There are also, however, some points of difference between class-crits and other “crit” movements.
The most obvious one is that subordination along class lines works differently than subordination along lines of gender, sexuality, and race. The founding question for critical race theory, for instance, was “how is it that racial hierarchy is maintained in a society that rejects the notion of racial hierarchy?” There is no direct parallel of this founding paradox for class relations. Capitalism is not a disavowed ideology; it is a central pillar of social organization in the U.S. and the West more generally. Instead, a founding question for class-crits might be, “How is an institution that generates, requires, and even values economic inequality reconciled with ideologies of political equality?”
A related point of difference comes from political theorist Nancy Fraser’s old distinction between recognition and redistribution: Class-crits is not organized around the goal of social and political group “recognition” for poor people, although such a movement might intersect with class-crit interests. In this way, class-crits differs from feminist legal theory, critical race theory, and queer theory, all of which are founded in the struggles of women, people of color, and sexual minorities for full social citizenship. Class-crits is not a poor people’s movement, or a movement that seeks to give the beleaguered working classes or the stressed-out middle classes a political voice (laudable as those aims might be). Class-crits is interested in understanding and if necessary altering or abolishing capitalist institutions and practices as we know them in the service of a better life for all.
There is no consensus among us about how best to promote human flourishing and reach the goal of a decent life for everyone. Some of us are reconstructed Marxists, others more democratic socialists; we might even have some anarchists among us, and some capitalists who believe in regulation and balancing market power with state power.

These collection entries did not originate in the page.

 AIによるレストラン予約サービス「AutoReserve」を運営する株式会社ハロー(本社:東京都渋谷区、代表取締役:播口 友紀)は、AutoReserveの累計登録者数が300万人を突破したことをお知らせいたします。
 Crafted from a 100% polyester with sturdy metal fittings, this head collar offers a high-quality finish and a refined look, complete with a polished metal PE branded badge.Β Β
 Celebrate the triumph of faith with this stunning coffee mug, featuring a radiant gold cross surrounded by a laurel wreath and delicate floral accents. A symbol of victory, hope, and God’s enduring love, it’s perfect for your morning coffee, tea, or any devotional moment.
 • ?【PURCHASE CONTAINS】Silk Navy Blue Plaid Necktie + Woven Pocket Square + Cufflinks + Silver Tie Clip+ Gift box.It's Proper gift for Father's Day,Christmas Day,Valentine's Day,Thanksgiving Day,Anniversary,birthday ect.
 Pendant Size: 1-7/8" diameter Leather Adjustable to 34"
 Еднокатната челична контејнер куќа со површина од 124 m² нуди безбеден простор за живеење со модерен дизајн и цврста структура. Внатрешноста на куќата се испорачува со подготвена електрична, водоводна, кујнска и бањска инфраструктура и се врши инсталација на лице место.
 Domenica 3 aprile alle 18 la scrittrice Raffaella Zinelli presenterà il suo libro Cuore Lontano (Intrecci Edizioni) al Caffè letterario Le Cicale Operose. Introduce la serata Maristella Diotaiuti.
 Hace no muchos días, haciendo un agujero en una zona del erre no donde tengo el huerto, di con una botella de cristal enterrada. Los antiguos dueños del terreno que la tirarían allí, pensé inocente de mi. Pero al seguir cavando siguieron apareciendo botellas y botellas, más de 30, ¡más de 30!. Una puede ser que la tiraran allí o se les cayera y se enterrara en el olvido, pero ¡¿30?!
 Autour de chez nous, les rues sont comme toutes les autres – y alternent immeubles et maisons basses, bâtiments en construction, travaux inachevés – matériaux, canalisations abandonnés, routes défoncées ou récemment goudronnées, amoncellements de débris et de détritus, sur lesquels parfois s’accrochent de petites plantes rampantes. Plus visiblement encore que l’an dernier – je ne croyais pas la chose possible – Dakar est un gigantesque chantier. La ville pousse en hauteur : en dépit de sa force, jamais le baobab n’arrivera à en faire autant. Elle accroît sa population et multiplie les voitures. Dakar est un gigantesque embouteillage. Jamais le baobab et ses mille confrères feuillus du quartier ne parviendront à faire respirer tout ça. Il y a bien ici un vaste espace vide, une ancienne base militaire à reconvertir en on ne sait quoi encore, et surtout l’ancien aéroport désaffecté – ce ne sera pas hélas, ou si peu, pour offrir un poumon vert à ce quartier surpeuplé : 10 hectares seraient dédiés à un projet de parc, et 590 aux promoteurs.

What I think we can all agree on despite our different political positions is the need to interrogate market practices and institutions – to understand them as social constructions, not natural processes like the weather; to understand their role in maintaining illegitimate hierarchies and inequalities; and to understand the systematic relations among the market, the state, and civil society including the family, the three major governance institutions of mass society in the contemporary West.
This is an urgent task given (1) the current global economic crisis and the connected crises, or malaise, or coming new recession, within the United States; (2) the collision course we are on between capitalism as we know it and environmental collapse; and (3) our crisis of governance within the United States (and apparently world-wide) – in which entrenched economic interests have captured the political process, producing increased frustration and immiseration on the part of the people while elected governments seem less and less responsive to their needs.
A final thought: the class-crits project, thus stated, is clearly more than a legal project (and is too important to be left to lawyers, anyway!). Central to class-crits as an organizing initiative, then, is the need to reach out to other people who share our agenda. Past class-crits workshops have embraced heterodox economists; at the final feedback session of the conference, attendees suggested that we build connections with political economists here and outside the U.S. and with sociologists. We look forward to creating those networks and hope you will help us do so! As I said in that last session, there is no class-crits governance structure or bureaucracy. Class-crits is us!